The history of Zen is full of teachings about the nature of the ego. Of course, the ego exists, but not in a substantial, permanent, separate way. To identify oneself with this mental construction causes human suffering. But the Way of Awakening consists in freeing oneself from this egocentric confinement, to live in interdependence with all existences.

The ego is what I refer to when I say: “I, myself …” Its existence has the character of an immediate evidence. It is my personality, the sum of my experiences, what I identified myself with, the values I adhere to.

It is therefore a mental construction that gives me the sense of a personal identity and serves as my reference point in my relations with others. I can put everything in doubt, except the fact that there is someone who doubts and that it is I. “Ego cogito, ergo sum”: “I think, therefore I am” is the expression of this immediate evidence that allowed Descartes to cure his systematic doubt.

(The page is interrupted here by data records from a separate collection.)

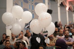 تخلل الاحتفال عدة فقرات من وحي المناسبة وكان لإخوتنا الصابرين في غزة نصيباً من تلك الفقرات .كلمة المناسبة ألقاها مدير مكتب التعليم الأستاذ مصطفى علوش وجّه فيها أسمى آيات التحية والمحبة والتقدير لطلاب سوريا الذين احتفلوا بالأمس بتخريج 1500 حافظ وحافظة للقرآن الكريم في إدلب بمشهد مهيب ورائع .
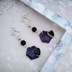 六角形ストラップ柄 ハートイヤリング サブカル 地雷系 プラバン レジン メンヘラ パープル 491
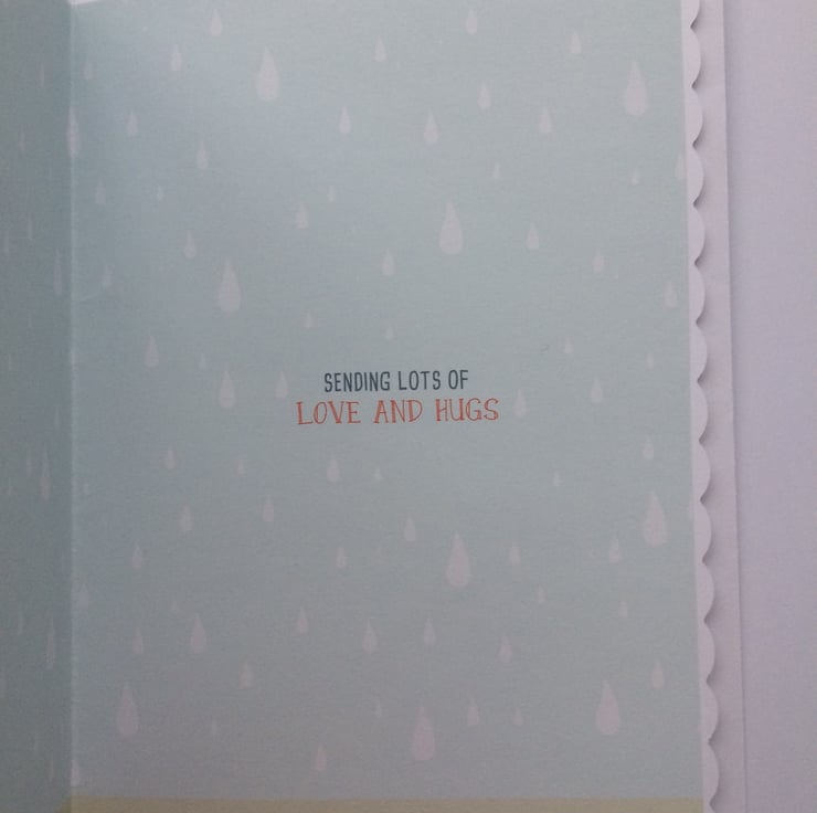 The card has a full-colour double insert on the inside which matches the front of the card with a printed greeting that says "Sending Lots of Love and Hugs" and there is plenty of room for you to write your own special message.

Awakening is less attachment to the ego … In Zen Buddhism, it is the nature of this evidence that is questioned. When the Chinese monk Nangaku came to see Master Eno (Houei-Neng), he asked him: “What is it that thus comes?”

Nangaku could not answer. He meditated for a long time on this question and it became his koan. After seven years, he ended up saying: “It’s not something”. In other words, it’s nothing that can be grasped, nothing limited, nothing separated from the whole universe.

When the monk Eka came to see Patriarch Bodhidharma who was doing zazen in his cave in Shaolin, he asked him: “Master, I am suffering, my mind is not at peace. Can you pacify it?” Bodhidharma replied: “Show me your mind and I will set it at rest”. Eka replied: “I have searched for my mind, but it is unattainable”. And Bodhidharma replied: “In this case, it is already pacified”.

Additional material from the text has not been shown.